Cold weather is one of humankind’s oldest enemies. For thousands of years, we’ve been trying to keep ourselves warm as the winter tried its best to freeze us. One important thing that we’ve learned in that time: Not all winter garments are equal. Sometimes, you need a basic winter work jacket to break the chill. Other times, you might need the biggest and baddest winter parka that modern outdoor wear has to offer. Often, you’ll need something in between the two.
In this article, we’re going to talk about how you can keep yourself warm and protected from the cold of winter. We’ll devote specific attention to the different levels of warmth protection that today’s winter gear has to offer and show you the basics of how to make the right choice for you.
Finding the right warmth level
First, the bad news: There’s no universally accepted system for rating the protective qualities of a piece of outerwear in cold weather. Certain manufacturers might offer a “cold weather rating” system for their garments, but these rarely translate from one manufacturer to another, and no single rating can tell you everything you need to know about a jacket. Instead, you’ll need to think about the specific demands of your cold-weather activities. Take factors like these into account:
- Will you be exposed to precipitation such as rain, snow, or sleet?
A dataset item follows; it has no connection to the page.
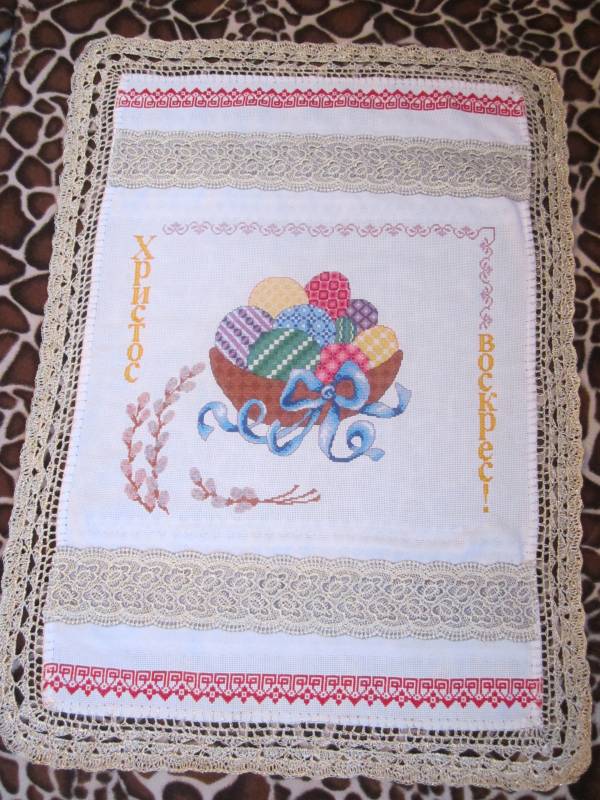 Самую большую (50*70 см) три года мучала. В первом только красную дорожку вышила, на второй год корзину с яйцами и обвязала края, а в этом уже добавила полоски кружева и довышивала.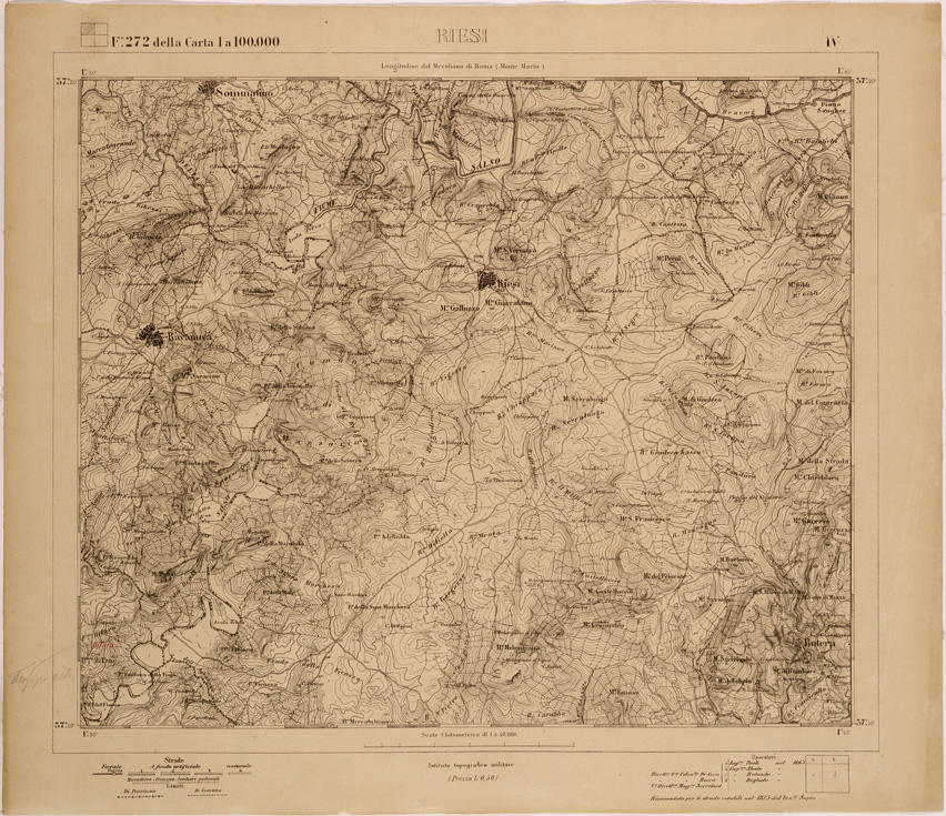I rilevamenti topografici per la realizzazione della “Carta d´Italia&lrquo” iniziarono nel 1878: si trattava di un´opera così importante e lodevole che meritò la consapevole attenzione, non solo degli addetti ai lavori e delle categorie professionali coinvolte, ma anche delle più alte autorità del Regno.

- What will be the average temperature range of your working conditions?
- Will you be moving around and getting exercise or mostly standing/sitting still?
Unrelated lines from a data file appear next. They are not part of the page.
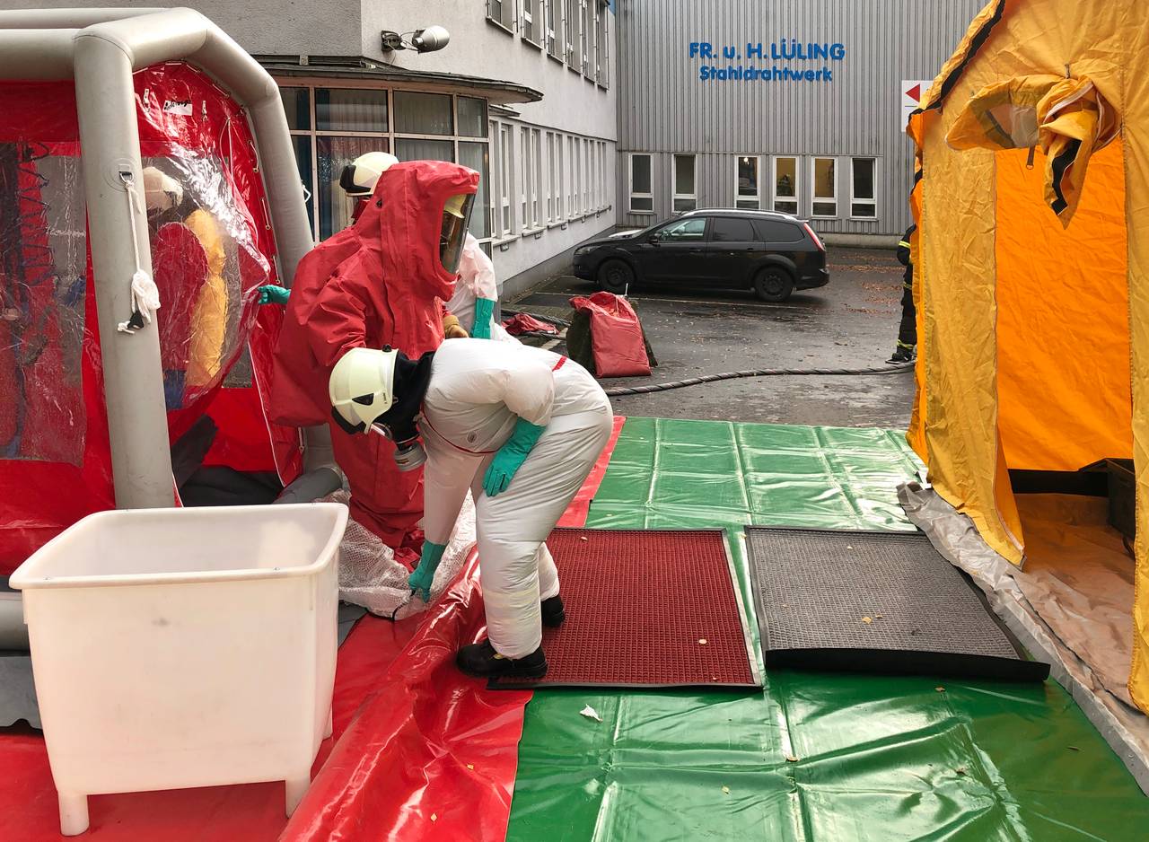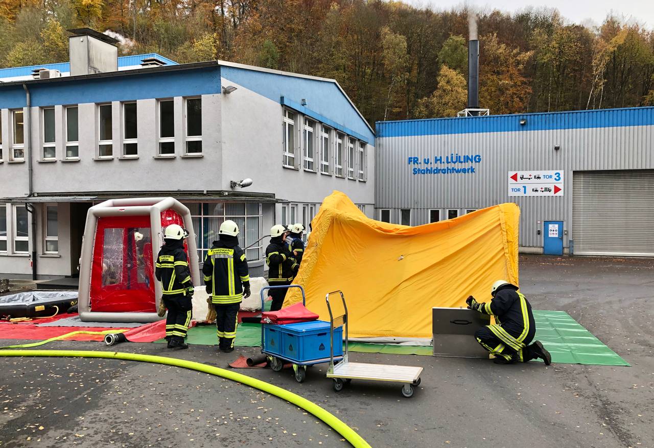 An einem Stahldrahtwerk sind am Mittag bei einer Filterreinigung Salzsäuredämpfe ausgetreten. 18 Personen wurden leicht verletzt - sie klagten über Atemwegsreizungen und kamen ins Krankenhaus. Die Feuerwehr hat das Gebäude gelüftet und mit Chemikalien-Schutz-Anzügen und Atemschutz nach der Chemikalie gesucht, die den Einsatz ausgelöst hat. Ein genaues Ergebnis der Untersuchungen steht noch aus - das Arbeitsschutzamt ermittelt. Der Behälter in dem die chemische Reaktion stattgefunden hat, konnte aber abgedichtet werden.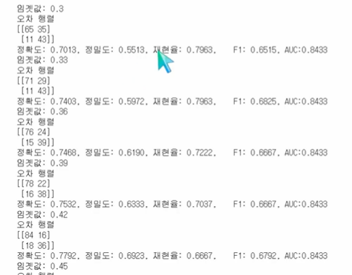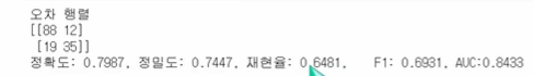 print('정확도: {0:.4f}, 정밀도: {1:.4f}, 재현율: {2:.4f},\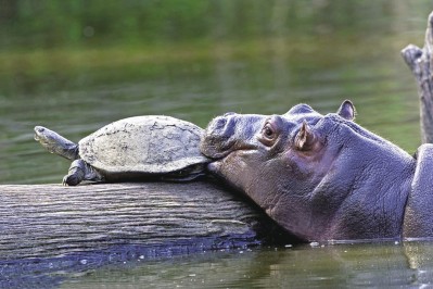 日前,摄影师拍到了一只皮上天的河马小宝宝,这个顽皮的小家伙看到一只林龟在木桩上休息,便悄悄地跑到人家身后,趁着它不注意,在它的屁股上咬了一口,画面十分逗趣。

- Are the temperature conditions you work in likely to change significantly throughout the workday?
Each factor plays a significant role in determining which kind of winter workwear is right for you. While there are rating systems for the warming power of various insulation types, you’ll have to consider them in context with the many other elements that play a role.
Choosing an insulation type
The insulation type that you choose will have a big effect on how warm your workwear is. The first choice is whether you’ll go with fleece or thermal insulation:
- Fleece is a man-made material that is typically made from polyester fibers which is a very similar material to wool fabric. Because of this, it shares many of the same characteristics. You’ll find that fleece apparel is breathable, has a low absorption rate, is quick-drying, lightweight, and affordable.
- Thermal insulation is a great option as it helps to trap small pockets of warm air close to the body, keeping the warmth from escaping outside of your clothing. It’s also quite breathable and allows for temperature stability, so you won’t need to layer your clothing items.
Either choice can provide great protection, although today’s outdoor workwear is often made using synthetic insulation because of its superior performance in wet conditions.
Understanding gram ratings
Gram insulation ratings are the most common system that you’ll see used to rate the warmth of different winter outerwear models that use synthetic insulation. A gram rating is expressed with a lowercase letter “g,” but it doesn’t simply measure the weight in grams of the item’s insulation. Instead, the gram rating is the weight in grams of a one-meter by one-meter piece of the insulation in the jacket. Heavier gram ratings mean a warmer type of insulation.
Thus, if a jacket has a gram rating of 90g, that’s not because the insulation inside the jacket weighs 90 grams. Instead, a one-meter by one-meter piece of its insulation weighs 90 grams. That’s a relatively light piece of winter insulation, while heavier winter jackets often feature gram ratings of 200 grams, 300 grams, or more.
The magic of layering
Of course, there will be times when you’ll need more than one level of warmth. You might go to work when it’s 25 degrees outside, but it’s warmed up to 50 degrees by lunchtime when the sun is out. Dressing in layers is an excellent way of keeping warm in the winter, and it also allows you to keep multiple levels of warmth available for when you need them. Rather than wearing one heavy parka, you might wear multiple lighter layers that can be added and removed as needed.
Typically, a layering system will also use a moisture-wicking under layer to control sweat. If sweat dries on your skin in cold temperatures, it can steal heat from your body, so this is an important layer that shouldn’t be overlooked. Adding a moisture-wicking layer can be the secret sauce that keeps you comfortable all day long. Some outerwear models are available that build multiple layers into one garment. Lower layers are constructed using a zip-in or snap-in system that allows them to be added, removed, or worn by themselves. These can be a great option if you’re looking for an all-in-one model.
Whether you’re working or playing, the warmth of your body is what keeps you going when you’re outside in the cold. By looking carefully at your needs and doing a little research on the many models of winter outerwear available, you can make the right choice for keeping yourself warm and comfortable all winter long.